The mile high city might never be the same after GRF's Thelma & Louise hit town. ROFL


----------



## lovesgoldens (Apr 18, 2009)

*I have an extra motel room for Nationals*

Hi,

I have an extra motel room in my name if anyone is needing one for Nationals in Enid. If I don't hear from anyone prior to Monday, I'm going to phone the motel and cancel the reservation but I wanted to give it to someone here needing a room if I could. The rate is $70 per night with a $7 dog charge per night The reservation is for the 25th and 26th of October. If interested, please email me at [email protected]

Kenda


----------



## lovesgoldens (Apr 18, 2009)

*Extra room for Nationals*

DCPakaMOM, 

I received your private message about the room but I don't think you've received mine. Since I am a new member, I cannot send private messages yet. If your friend is still interested in the room, please email me at [email protected]. I have held onto it since you were the first to have responded.

Thank you!

Kenda


----------



## Ljilly28 (Jan 22, 2008)

I wish I could fly to Nationals so badly, and I hope someone from GRF will update us daily on the news as it happens! It was so much fun when PG kept us in the loop for Westminster last year.

http://www.cogrc.org/national/2009-Forms/2009judgingprog-final.pdf

Finn, Tally, and Tango all have brothers, fathers, sisters and cousins in various venues so it's fun to cheer them on from armchair status.
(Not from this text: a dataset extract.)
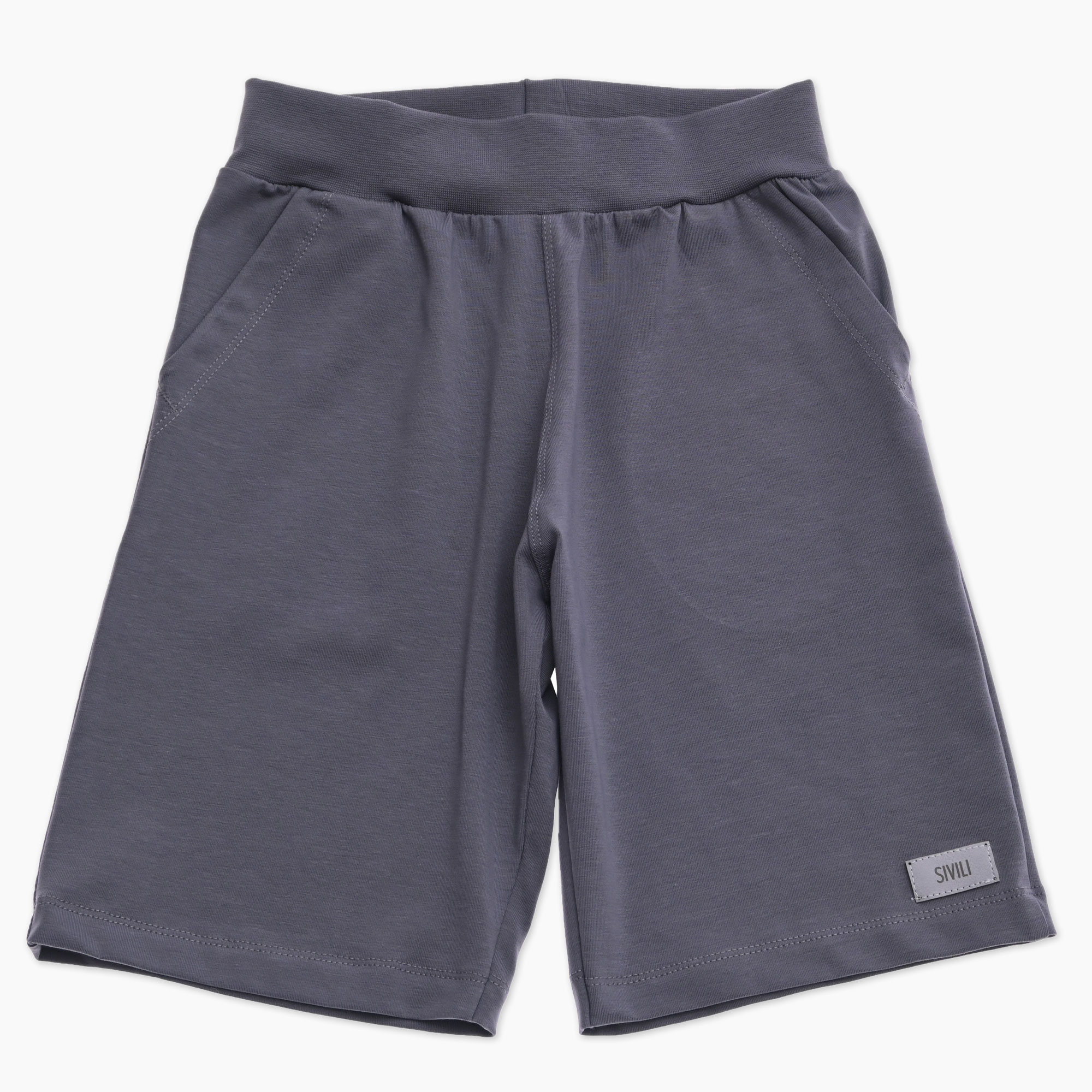 Otroške kratke hlače za fanta v sivi barvi z našitkom in napisom SIVILI. Slovenski izdelek!

GabeJR, Tally's brother, is being presented by Pam Desrosiers and Noah is going with Steve Brenson. Grampa Casanova and Violet are both in the top 20 gala, and then the hunt tests/field trials are high stakes for the boys' last legs and first Q's. . . I am so sad to miss all this. 

My goal is that, by the next time the Nationals makes it to the northeast, I'll have a show puppy of my own to enter and that Tally will be working on his UD. Who knows if I can make this goal, but it is fun setting it.


----------